Les massacres indonésiens de 1965 contre les présumés sympathisants communistes n’a pas seulement entraîné la mort et l’emprisonnement de plus d’un demi-million de personnes, il a également contraint les survivants à affronter la connaissance de ce passé sanglant tout au long d’une vie de silence, d’acceptation – et finalement de résilience. Un génocide qui a réduit des générations au silence. En 1965, le “perfide” Parti communiste indonésien (PKI) a lancé une tentative de coup d’État qui a été écrasée par l'”héroïque” armée indonésienne.
C’est du moins la version que l’État a enseignée aux élèves indonésiens tout au long du régime autoritaire du Nouvel ordre du président Suharto (1966-1998), et même jusqu’au XXIe siècle.
Alors que les écoles enseignaient ce récit aux jeunes Indonésiens, les histoires qui allaient à l’encontre de celui-ci étaient supprimées. Il s’agissait notamment de l’histoire complexe du mouvement de gauche dans la politique indonésienne, mais aussi des événements sanglants et terrifiants qui ont suivi l’arrivée au pouvoir de l’armée en 1965, lorsqu’au moins des centaines de milliers d’Indonésiens ont été tués ou emprisonnés sans procès pour leur prétendue affiliation au PKI.
Cette histoire violente est restée inexprimée et indicible dans la sphère publique pendant la période de l’Ordre nouveau.
De nombreux Indonésiens se sont même autocensurés par peur – en particulier les victimes de la violence, leurs enfants et les membres de leur famille.

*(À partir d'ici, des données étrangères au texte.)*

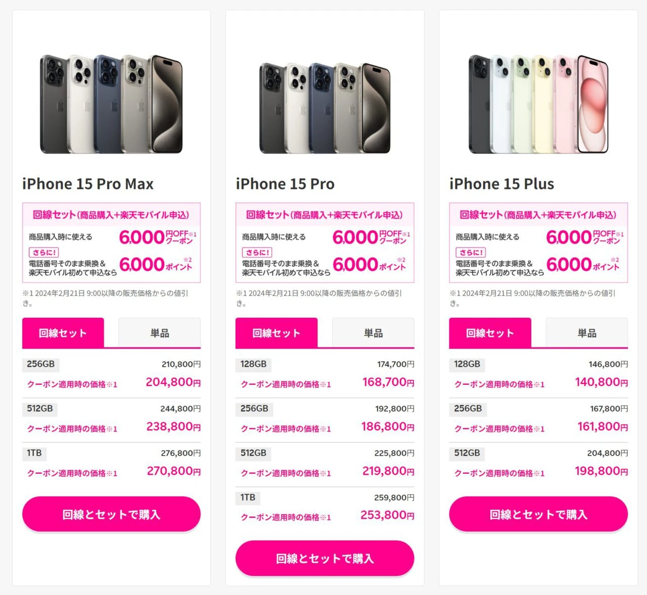 ▼参考:楽天モバイルにおけるiPhone15シリーズ販売価格(クリックで拡大)
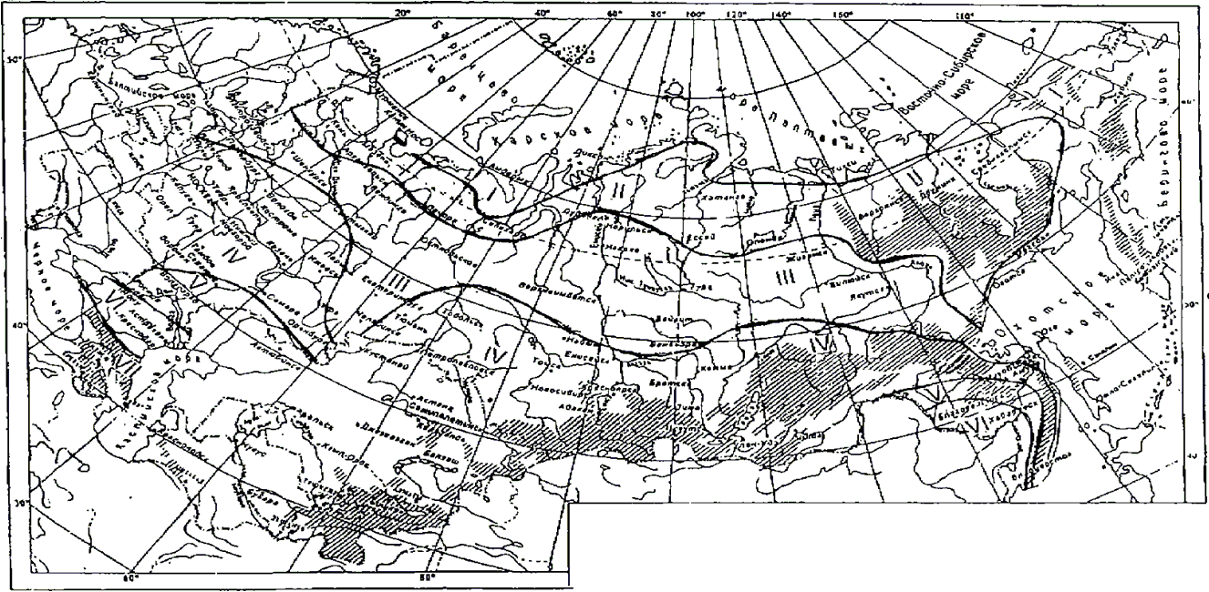 Рисунок А.2 - Схематическая карта районирования северной строительно-климатической зоны Российской Федерации
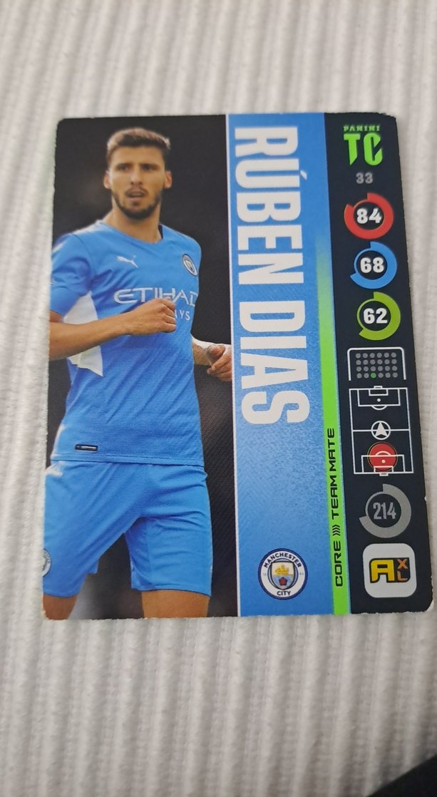 Koyu mavi Ruben Dias rozeti, oyuncu istatistikleri ve Manchester City logosu ile trendy casual streetwear tarzına uygun. ⚽
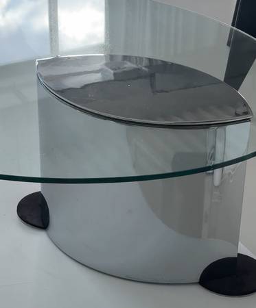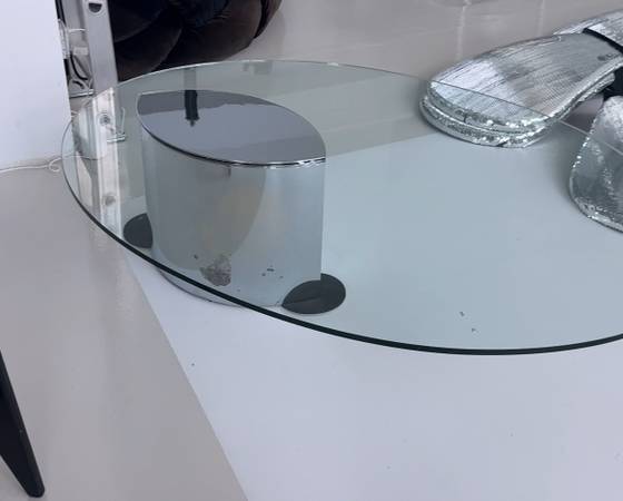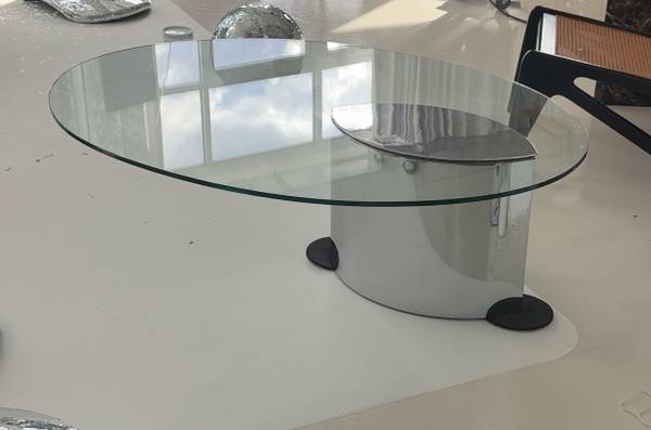 Elegant coffee table by Cini Boeri . Designed for Knoll. Features thick, oval, polished tempered glass top supported by an off-set steel base. A unique and sturdy system of concealed weights function as counterbalance. Born Maria Cristina Mariani Dameno, Cini Boeri was an Italian architect and designer known for her interest in functionalism who created sophisticated spaces and refined domestic objects. Dimensions: 59” long x 43.5” wide x 16” high.
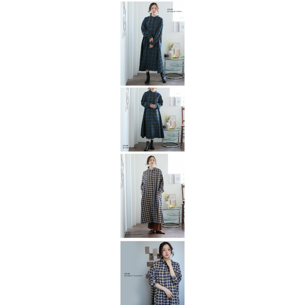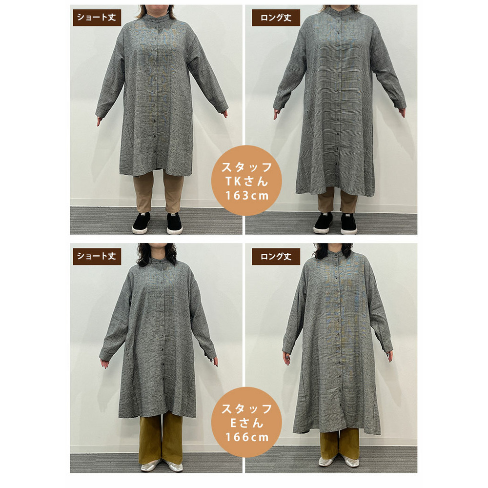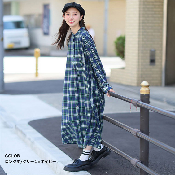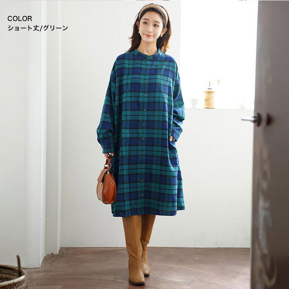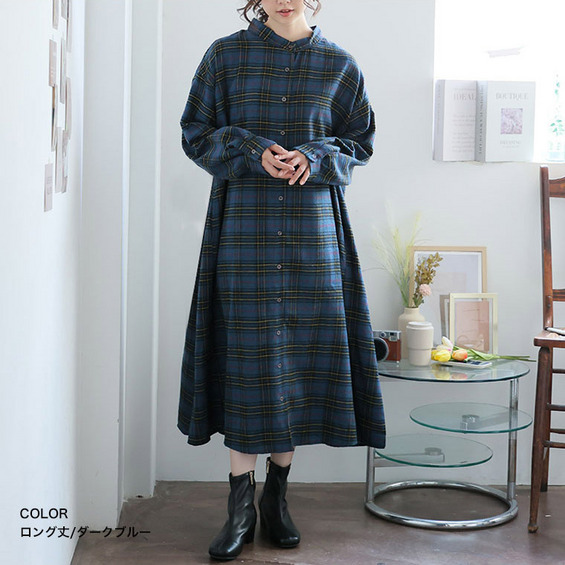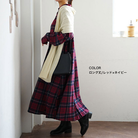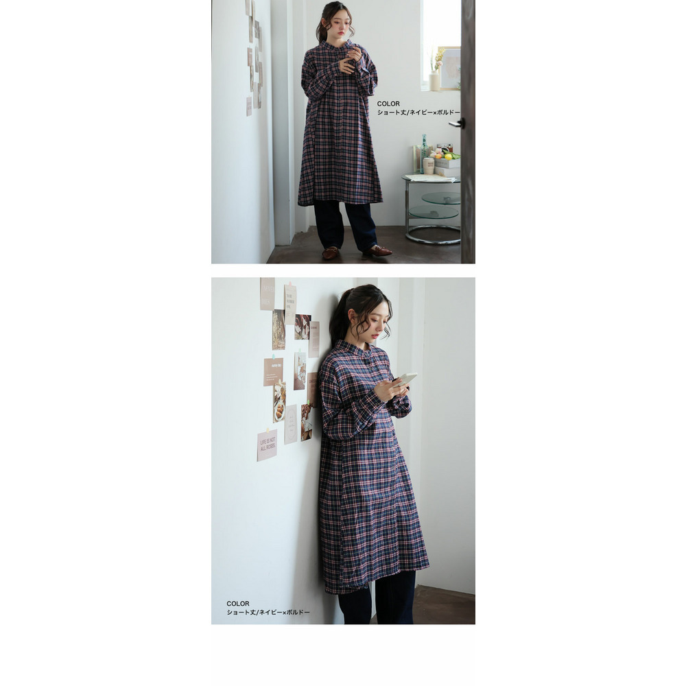 身長別選べる2丈 フランネル チェック 細魅せ シャツワンピース
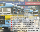 Currently, drivers and conductors get to keep 25 per cent of the total earnings of a private bus. The amount varies from Rs 400 to Rs 600, depending on the route.
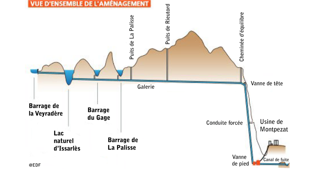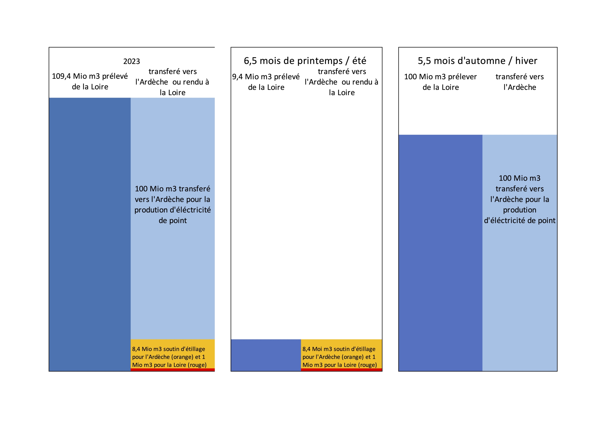 Ainsi en 2023 c’est 108,4 Millions de m3 qui ont été transférés vers l’Ardèche (contre 220 Mio m3 les « meilleures » années). La majeure partie, 100 Moi m3 ont été prélevés à la Loire en automne et transférés en hiver pour la production d’électricité de pointe. La baisse importante des précipitations en automne/hiver observée a eu pour conséquence une baisse du turbinage hivernale de 50 % par rapport au passé.
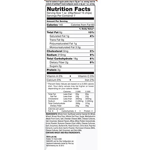 -. Feature : 7.0 oz. bag of SUNCHIPS HARVEST CHEDDAR Flavored WholegrainMultigrain Snacks / Delicious, whole grain snacks flavored with real cheddar cheese / Great snack bag for the pantry / Contains 21g of Whole Grain per 1 oz. serving. Eat 48g or more of whole grains daily
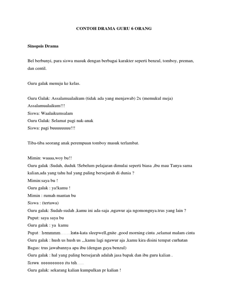 Sumber : gurupendidikan.co.id Contoh Drama Guru 6 Orang
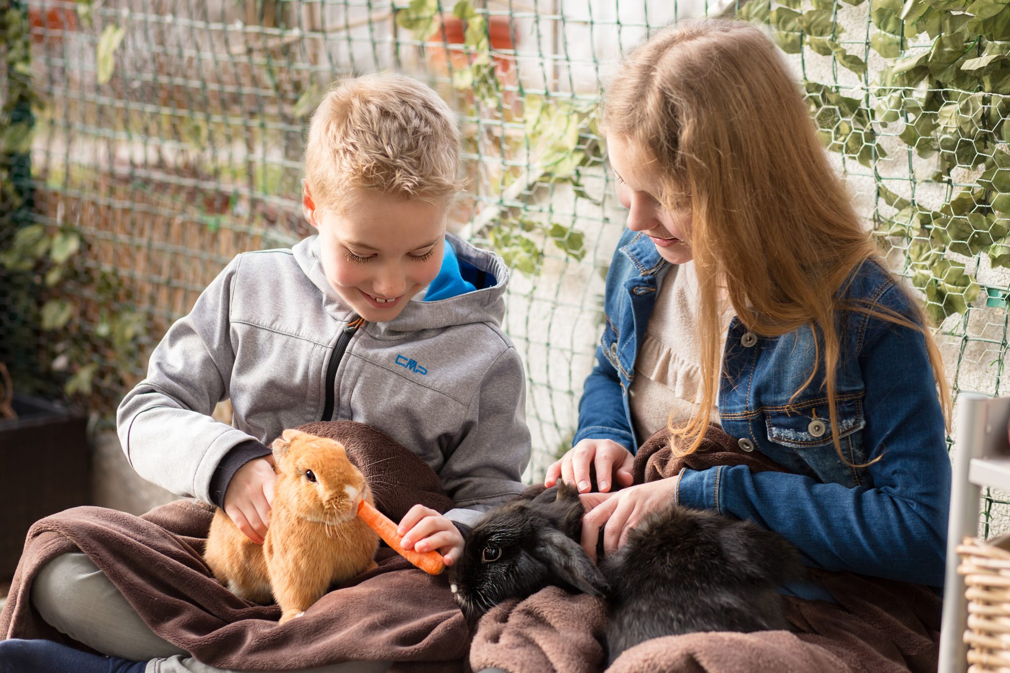 Kaninchen sind zwar vielseitig, entsprechen aber nicht immer dem Klischee des niedlichen, putzigen, von bunten Ostereiern und Frühlingsblümchen umgegebenen Tieres: Sie können friedlich, aber auch wild (Kratzen und Beißen) sein. Für Kleinkinder eignen sie sich daher nicht, erst für ältere Kinder (ab 5–6 Jahre). Vor allem für die introvertierten unter ihnen können Kaninchen wertvolle Sozialpartner sein. Auf jeden Fall bringen die tierischen Freunde ihre Mitmenschen oft zum Lachen oder Staunen. „Langweilig wird es bei der Haltung eines Kaninchenpärchens selten“, weiß Familie Skodler.

Les anciens prisonniers politiques, ceux qui avaient le plus directement subi la violence, par exemple, ont été soumis à diverses formes de surveillance et de discrimination après leur sortie de prison. Les survivants ont transmis cette supposée culpabilité à leurs enfants. L’État a également ostracisé ces “enfants communistes” accusés, ainsi que leurs parents.
De nombreuses familles de victimes se sont murées dans le silence. Dans de nombreux cas, les anciens prisonniers politiques, se sont cachés et n’ont jamais parlé de leurs épreuves et souffrances passées. Pendant la période de l’Ordre nouveau, la réponse la plus sûre à tout ce qui était lié à 1965 était “Je ne savais pas/ne sais rien”. Puis, la chute du régime autoritaire de Suharto et l’avènement de l’ère de la réforme en 1998 ont enhardi certaines anciennes victimes de la violence d’État à contester la version officielle des événements de 1965. Dans le contexte de l’émergence de la démocratie, de l’essor de nouveaux moyens et plates-formes d’expression et de l’intérêt croissant de la jeune génération, ils ont cherché à exposer les faits occultés concernant les massacres et l’emprisonnement de personnes soupçonnées de communisme.
Certains anciens prisonniers politiques et d’autres victimes de 1965 ont commencé à s’exprimer, notamment par le biais de mémoires, comme ceux du journaliste et ancien prisonnier politique Putu Oka Sukanta, en formant des organisations de défense avec d’autres anciens prisonniers politiques, comme la Yayasan Penelitian Korban Pembunuhan (Fondation pour les victimes des meurtres de 1965/1966), et même par des moyens créatifs, comme la chorale Dialita. Dans certains cas, ils ont finalement commencé à parler à leurs enfants et petits-enfants de ce qu’ils avaient vécu. Soudain, il est devenu possible, avec des inégalités et encore quelques risques, d’affirmer : “Je savais/savais”….
Cet article est extrait d’une longue enquête publiée sur le site The conversation.com et dans le Jakarta Post.